_TASK TO CARRY OUT_
Write out the lines below exactly, beginning at the one with "Patín eléctrico de" and stopping after the one with "Трековый светильник Paulmann"; the pictures are not copied.

_RECORDS TO PROCESS_
= = = =

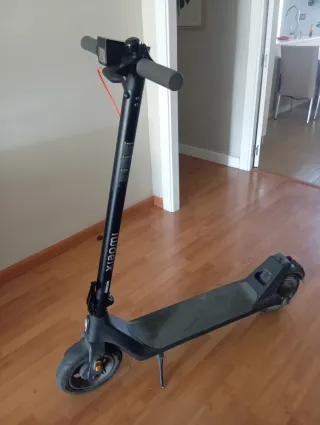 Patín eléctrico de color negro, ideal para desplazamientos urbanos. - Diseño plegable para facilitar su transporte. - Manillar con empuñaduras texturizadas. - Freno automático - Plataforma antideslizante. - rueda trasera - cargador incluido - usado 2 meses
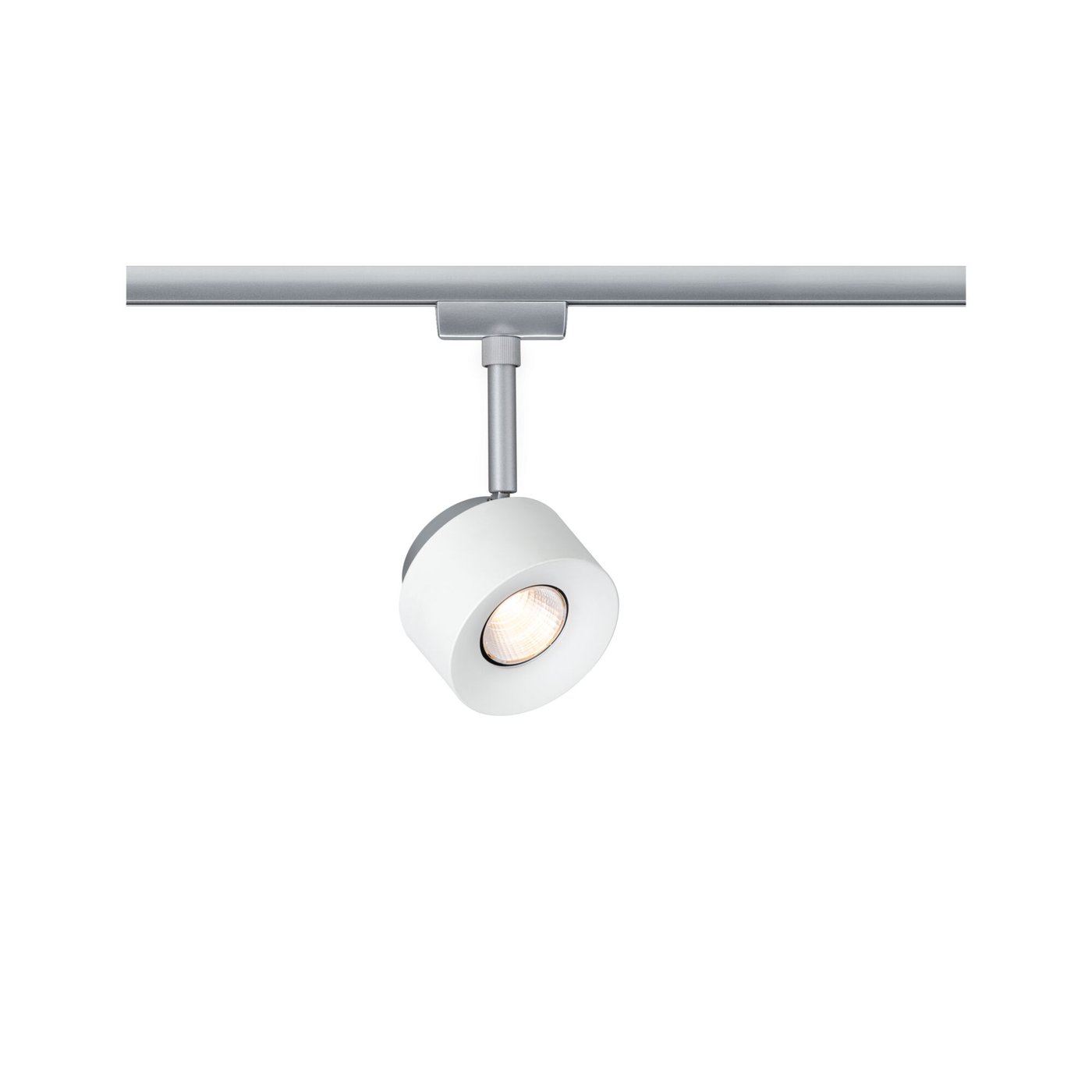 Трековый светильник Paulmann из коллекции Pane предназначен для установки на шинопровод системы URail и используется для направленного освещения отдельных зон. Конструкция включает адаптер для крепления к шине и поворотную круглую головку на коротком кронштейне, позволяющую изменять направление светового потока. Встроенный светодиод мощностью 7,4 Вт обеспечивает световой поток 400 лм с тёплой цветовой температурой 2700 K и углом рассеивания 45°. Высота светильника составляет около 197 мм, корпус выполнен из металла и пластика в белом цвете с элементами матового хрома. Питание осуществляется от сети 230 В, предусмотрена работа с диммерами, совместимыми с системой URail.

= = = =

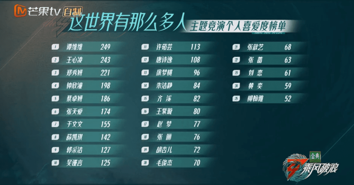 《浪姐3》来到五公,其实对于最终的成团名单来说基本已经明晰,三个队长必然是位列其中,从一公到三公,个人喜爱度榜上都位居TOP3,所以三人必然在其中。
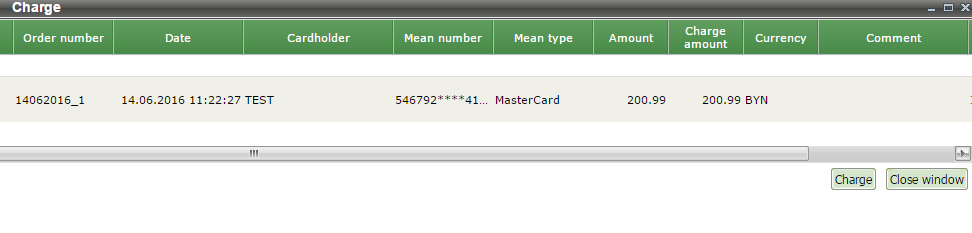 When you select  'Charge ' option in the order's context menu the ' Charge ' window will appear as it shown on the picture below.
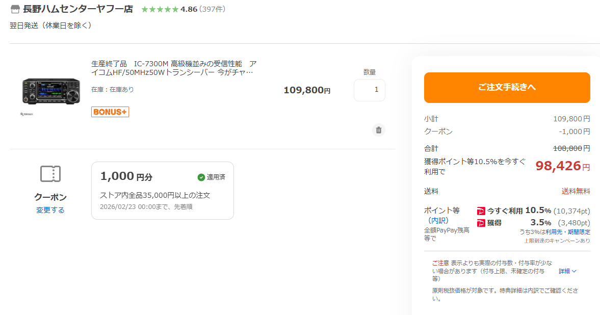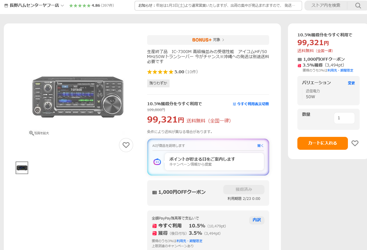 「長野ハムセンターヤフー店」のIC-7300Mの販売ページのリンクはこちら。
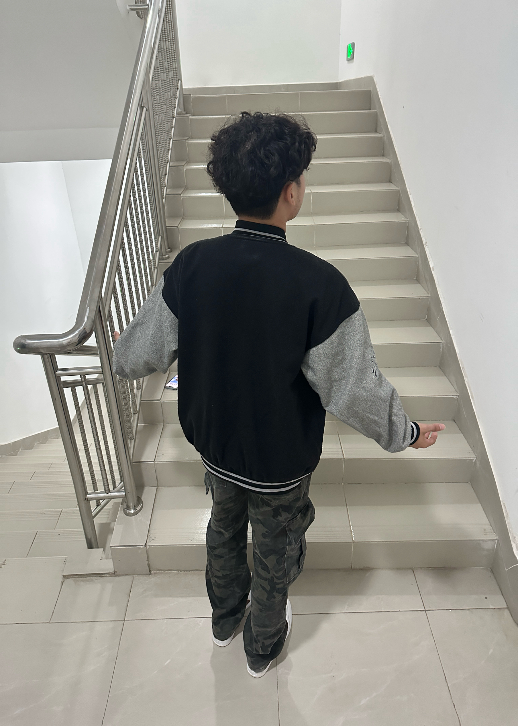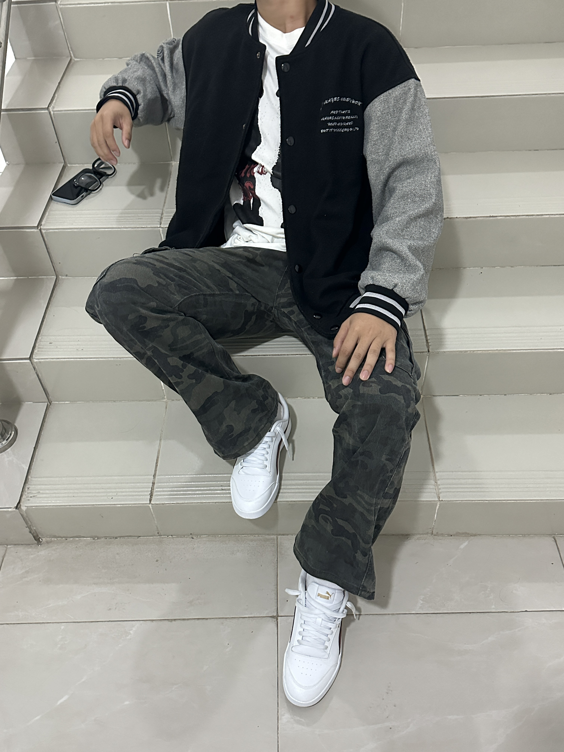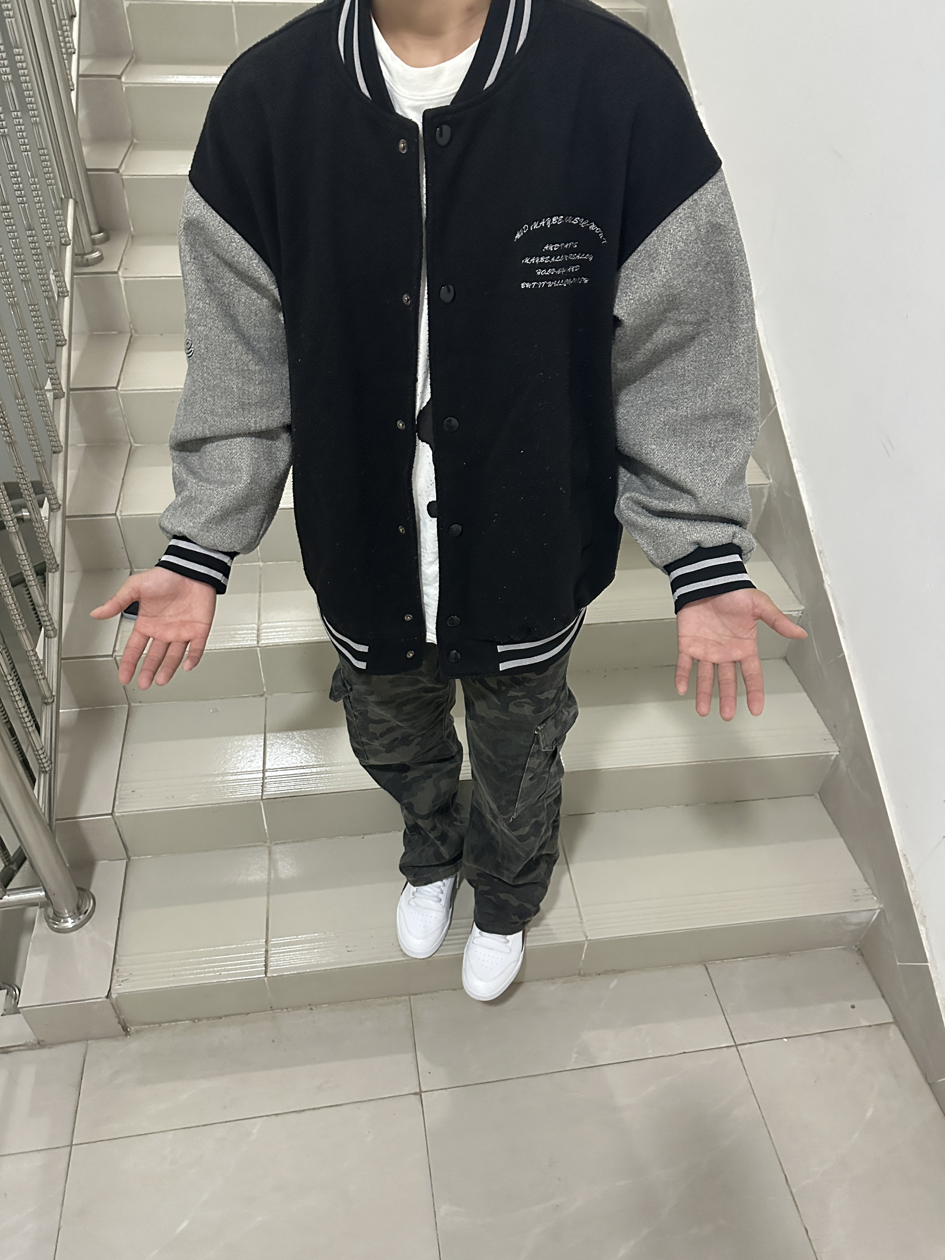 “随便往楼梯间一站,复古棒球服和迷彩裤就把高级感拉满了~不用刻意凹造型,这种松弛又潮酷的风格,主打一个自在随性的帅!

= = = =

_EXERCISE ANSWER_
 Patín eléctrico de color negro, ideal para desplazamientos urbanos. - Diseño plegable para facilitar su transporte. - Manillar con empuñaduras texturizadas. - Freno automático - Plataforma antideslizante. - rueda trasera - cargador incluido - usado 2 meses
 Трековый светильник Paulmann из коллекции Pane предназначен для установки на шинопровод системы URail и используется для направленного освещения отдельных зон. Конструкция включает адаптер для крепления к шине и поворотную круглую головку на коротком кронштейне, позволяющую изменять направление светового потока. Встроенный светодиод мощностью 7,4 Вт обеспечивает световой поток 400 лм с тёплой цветовой температурой 2700 K и углом рассеивания 45°. Высота светильника составляет около 197 мм, корпус выполнен из металла и пластика в белом цвете с элементами матового хрома. Питание осуществляется от сети 230 В, предусмотрена работа с диммерами, совместимыми с системой URail.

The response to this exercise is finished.